This text is designed to introduce spectral geometry to graduate students and non-specialists in the field. It contains an extensive bibliography. The first chapter contains an introduction to the theory of Riemannian manifolds – tensor fields are defined, Riemannian structures are introduced, the Levi-Civita connection and the curvature are defined, and geodesics and the exponential map are presented. In the second chapter, several canonical differential operators are defined.
In the third chapter, the spectral properties of the Laplace-Beltrami operator are given – the fundamental solution of the heat equation is studied, examples are presented of explicit spectra, and estimates of the eigenvalues through geometric data are discussed among several other topics. In the fourth chapter, isospectral closed Riemannian manifolds are discussed – topics include asymptotic expansions for the trace of the heat kernel, isospectral flat tori, and Sunada’s theorem.

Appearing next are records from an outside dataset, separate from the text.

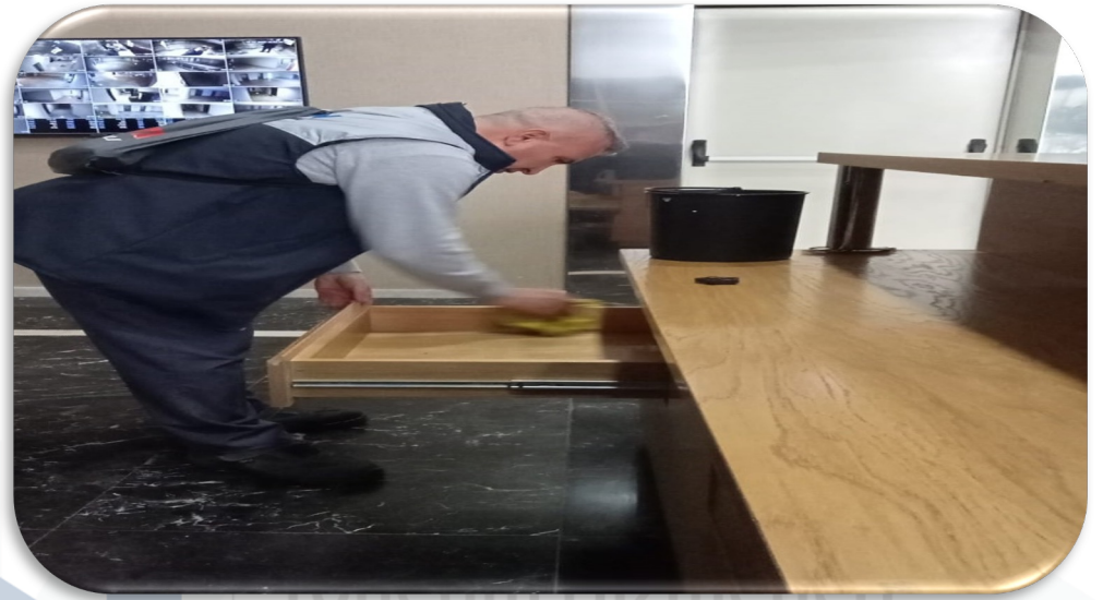
Lobi banko-dolapları temizlenmiřtir.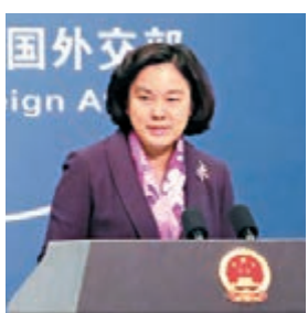
華春瑩表示以金錢援助換取聖國與台「斷交」的說法「很有想像力」。中央社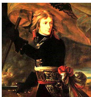
「アルコレ橋上のナポレオン」

アルコレ橋でオーストリア軍と戦ったナポレオンは、総司令官であるにもかかわらず、銃弾の嵐の中を突っ走った。ナポレオン伝説は、このイタリア遠征から始まる。このころはまだ痩せていてカッコいいですね。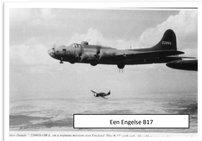
Een Engelse B17

De wacht in de toren van de Oude Kerk rapporteerde in de nacht van de 10 e mei, dat vliegtuigen overvlogen richting Ypenburg. Dat was een vliegveld dicht bij Den Haag. De wacht zag, dat parachutisten uit de vliegtuigen sprongen. Er werd ook geschoten. Het was menens.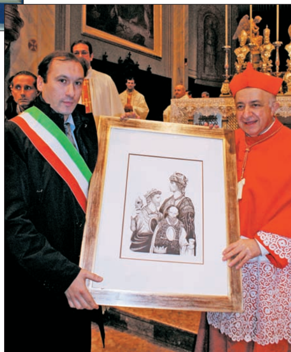
gennaio 2010 Celebrazioni Epifania: il Sindaco Ronchi dona al Cardinale Tettamanzi una litografia a nome della cittadinanza.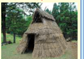
斐太遺跡群・竪穴式住居

In Chapter 5, spectral properties for the de Rham complex are given. Chapter six deals with applications to geometry and topology with a discussion of the Hodge-de Rham theorem, Bochner type vanishing theorems, Lefschetz fixed point theorems, and the Chern-Gauss-Bonnet theorem. Chapter 7 gives an introduction to Witten-Helffer-Sjöstrand theory. The book concludes in Chapter 8 with open problems and some comments. The book also contains an appendix giving a review of linear algebra relevant to the task at hand.